È inclusa una scena di protesta con un discorso antimperialista in voce fuori campo, ma sono vistosamente assenti ulteriori informazioni su quando è stata creata la base, quanto sia giustificata, la preoccupazione che si tratti di una tecnologia dannosa e se le continue proteste abbiano qualche possibilità di successo. . Forse si tratta di una scelta consapevole da parte del regista di limitarci alle persone del documentario, ma ha comunque lo svantaggio di rendere ugualmente (in)plausibili tutti i loro pensieri preoccupati – come, ad esempio, la preoccupazione che la società potrebbe essere coinvolta nella potenziale ritorsione della Russia contro la NATO, dato che la sorveglianza del MUOS viene ora utilizzata per raccogliere dati sull’invasione dell’Ucraina. Può darsi che questa percezione della minaccia non sia plausibile. Molte reazioni di panico si sono verificate nella regione mentre l’intero continente è rimasto scioccato nel vedere la spietatezza dell’esercito russo utilizzato in Europa. Ma il fatto che i rischi potenziali non siano stati evidenziati per molto tempo (da quando il MUOS di Niscemi è stato inaugurato nel 2012) dà peso sufficiente alla rabbia della popolazione locale per essere stata trascurata.

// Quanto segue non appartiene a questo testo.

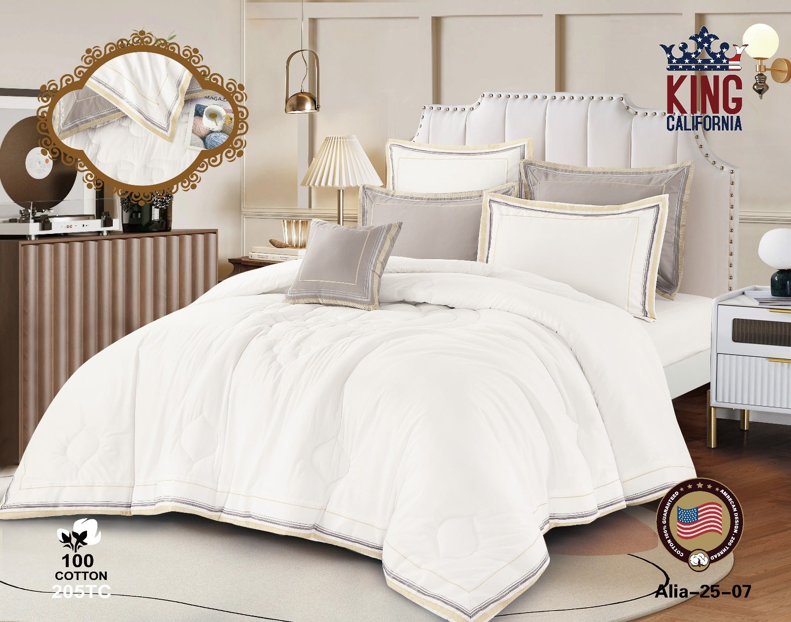 Add a touch of luxury and elegance to your bedroom with the new Alia Bedding Set from King California. Featuring a refined embroidered design, it combines sophisticated style with top-tier quality.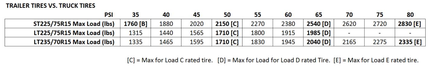 As you can see light truck tires do not have as much load carrying capacity as a similarly sized trailer tire because they are designed to carry more weight using larger cords in the construction of the plies and the belts.

Nulla è cambiato da molti decenni nell’entroterra siciliano

La famiglia di Valentino

La famiglia di Valentina è una tipica vittima vulnerabile della globalizzazione. È sicuramente un compito degno per i documentari d’arte suscitare empatia per coloro che sono trascurati, che non hanno né lo status né la presenza affascinante per ricevere un ruolo più prominente nel nostro campo audiovisivo. Il ritratto di famiglia che ne emerge è tenero e toccante. Il padre della giovane donna è un ex istruttore di guida che oggi è troppo malato per guidare, ma che è tuttavia troppo ostinato per lasciare che sua figlia si assuma la responsabilità della guida. Le loro lezioni di guida sono per lo più un esercizio di condiscendenza, con il consiglio occasionale dell'istruttore. La mamma di Valentina è una mamma casalinga e se dovesse ricominciare a lavorare non avrebbe altra scelta professionale se non quella di prendersi cura degli anziani con pochi soldi e tanti dolori alla schiena. La sorella di Valentina, che durante una breve visita familiare viene lasciata apparire come la personificazione del modesto successo, la incoraggia a concentrarsi più sui propri bisogni che su quelli dei suoi genitori e la prende in giro dolcemente per la sua bassa autostima.

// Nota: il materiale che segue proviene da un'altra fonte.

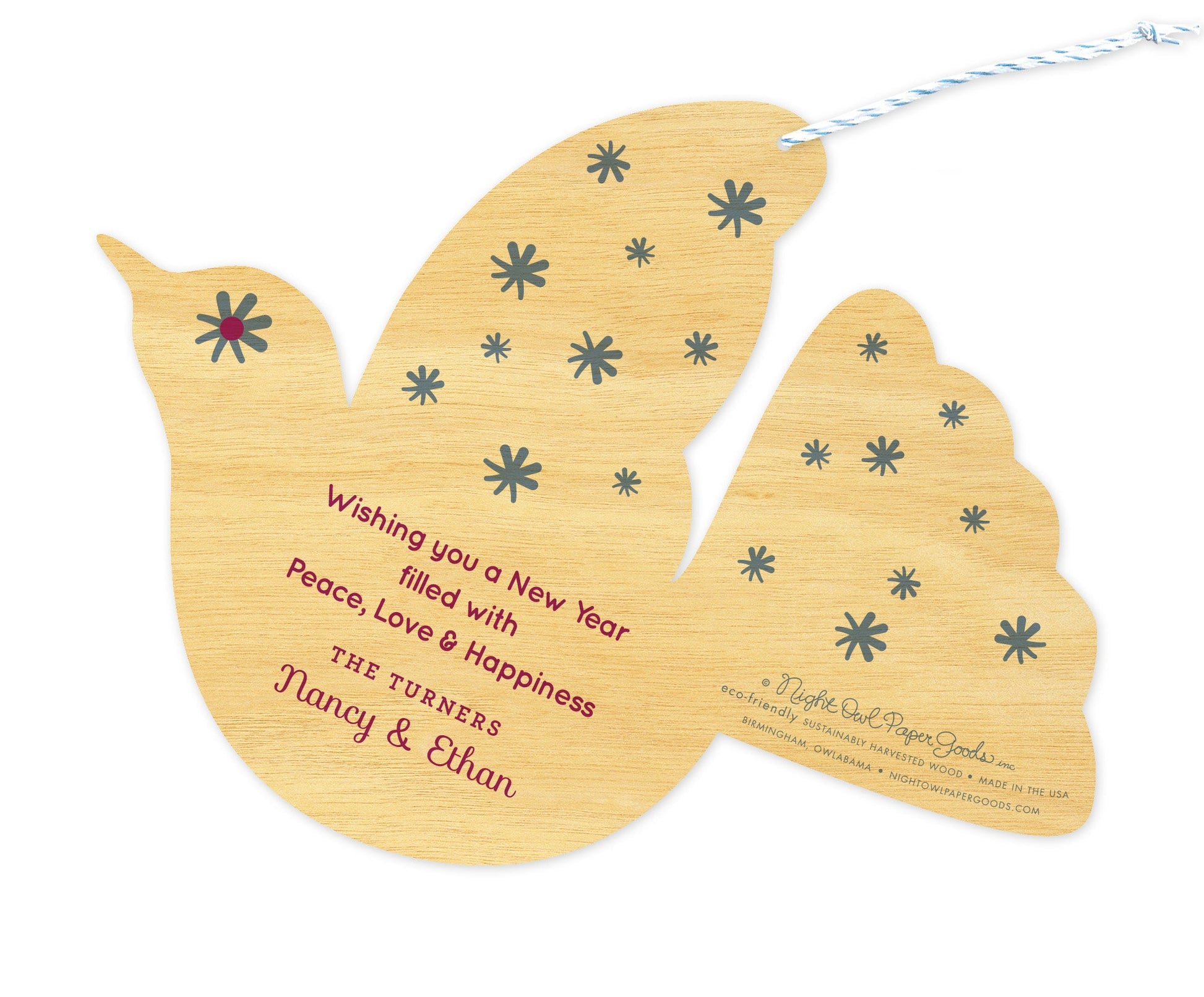 Celebrate the season with our Rainbow Dove holiday ornament cards featuring a colorful pastel rainbow dove with an uplifting “Peace” sentiment on the front and your custom text on the back. Printed on your choice of real wood or eco-friendly paper, these custom ornament cards are simple to customize and perfect for sending warm wishes to friends, family and colleagues. To get started:

Ancor prima che venga fuori nei dialoghi, capiamo perché è difficile per la famiglia trasferirsi, nonostante la minacciosa base militare nel quartiere. Le ragioni della madre – che non possono permettersi di trasferirsi, che questa è casa loro e che i soldati della NATO sono quindi gli invasori, suonano come dialoghi ricostruiti (su segnale del regista per far sapere chiaramente al pubblico dove si trovano) o come ossessioni da individui impotenti – che nella migliore delle ipotesi possono venire a patti con la loro situazione ripetendo ritualmente il loro punto di vista. Tutta la famiglia sembra incapace di muoversi, ma Valentina è abbastanza giovane per costruirsi una nuova vita. Presto la sua presenza in casa sarà ricordata solo dai fiori all'uncinetto che ha realizzato con grande maestria e amore.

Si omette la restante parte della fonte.